Israel’s tech sector is among the world’s largest technology hubs, especially for startups. It has remained one of the most stable parts of the Israeli economy during the 15-month long war, which has taxed the economy and slashed expectations for growth to a mere 0.5% in 2024.

Industry investors and analysts say the war stifled what could have been even stronger growth. The survey didn’t break out how much of 2024’s investment came from foreign sources and local funders.

“We have an extremely innovative and dynamic high tech sector which is still holding on,” said Karnit Flug, a former governor of the Bank of Israel and now a senior fellow at the Jerusalem-based Israel Democracy Institute, a think tank. “It has recovered somewhat since the start of the war, but not as much as one would hope.”

At the war’s outset, tens of thousands of Israel’s nearly 400,000 tech employees were called into reserve service and companies scrambled to realign operations as rockets from Gaza and Lebanon pounded the country. Even as operations normalized, foreign airlines overwhelmingly cut service to Israel, spooking investors and making it harder for Israelis to reach their customers abroad.

An explosion in negative global sentiment toward Israel introduced a new form of risk in doing business with Israeli companies. Global ratings firms lowered Israel’s credit rating over uncertainty caused by the war.

Israel’s government flooded money into the economy to stabilize it shortly after war broke out in October 2023. That expansionary fiscal policy, economists say, stemmed what was an initial economic contraction in the war’s first quarter and helped Israel regain its footing, but is now resulting in expected tax increases to foot the bill.

The 2024 boost was led by investments into Israeli cybersecurity companies, which captured about 40% of all private capital raised, despite representing only 7% of Israeli tech companies. Many of Israel’s tech workers have served in advanced military-technology units, where they can gain experience building products. Israeli tech products are sometimes tested on the battlefield. These factors have led to its cybersecurity companies being dominant in the global market, industry experts said.

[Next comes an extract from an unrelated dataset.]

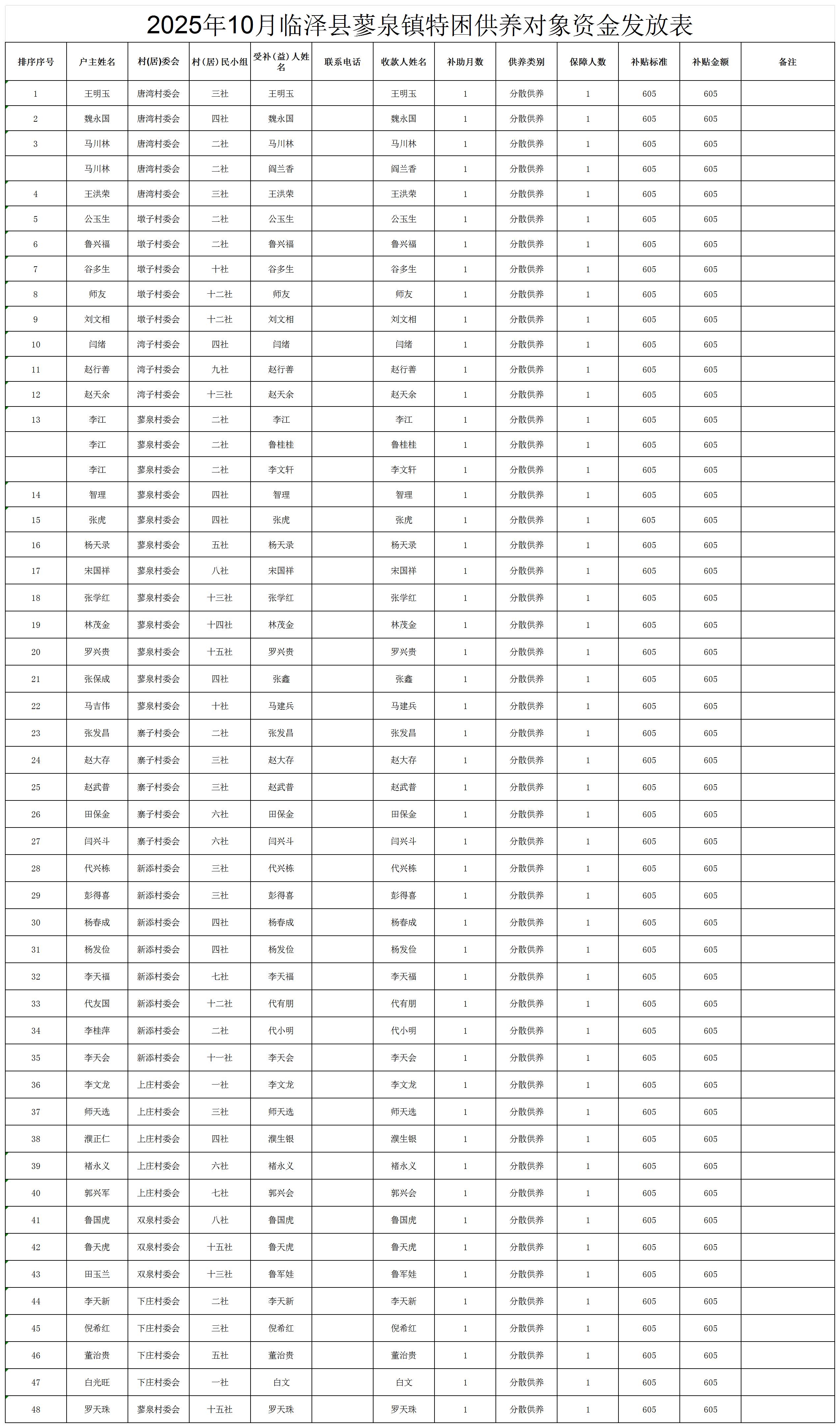 2025年10月临泽县蓼泉镇特困供养对象资金发放表

The number of Israeli defense-tech companies active throughout 2024 doubled, although they contributed to a much smaller percentage of the overall growth in investments. This included some startups which pivoted to the area amid a surge in global demand spurred by the war in Ukraine and at home in Israel. Funding raised by Israeli defense-tech companies grew to $165 million in 2024, from $19 million the previous year.

“The fact that things are literally battlefield proven, and both the understanding of the customer as well as the ability to put it into use and to accelerate the progress of those technologies, is something that is unique to Israel,” said Hasson.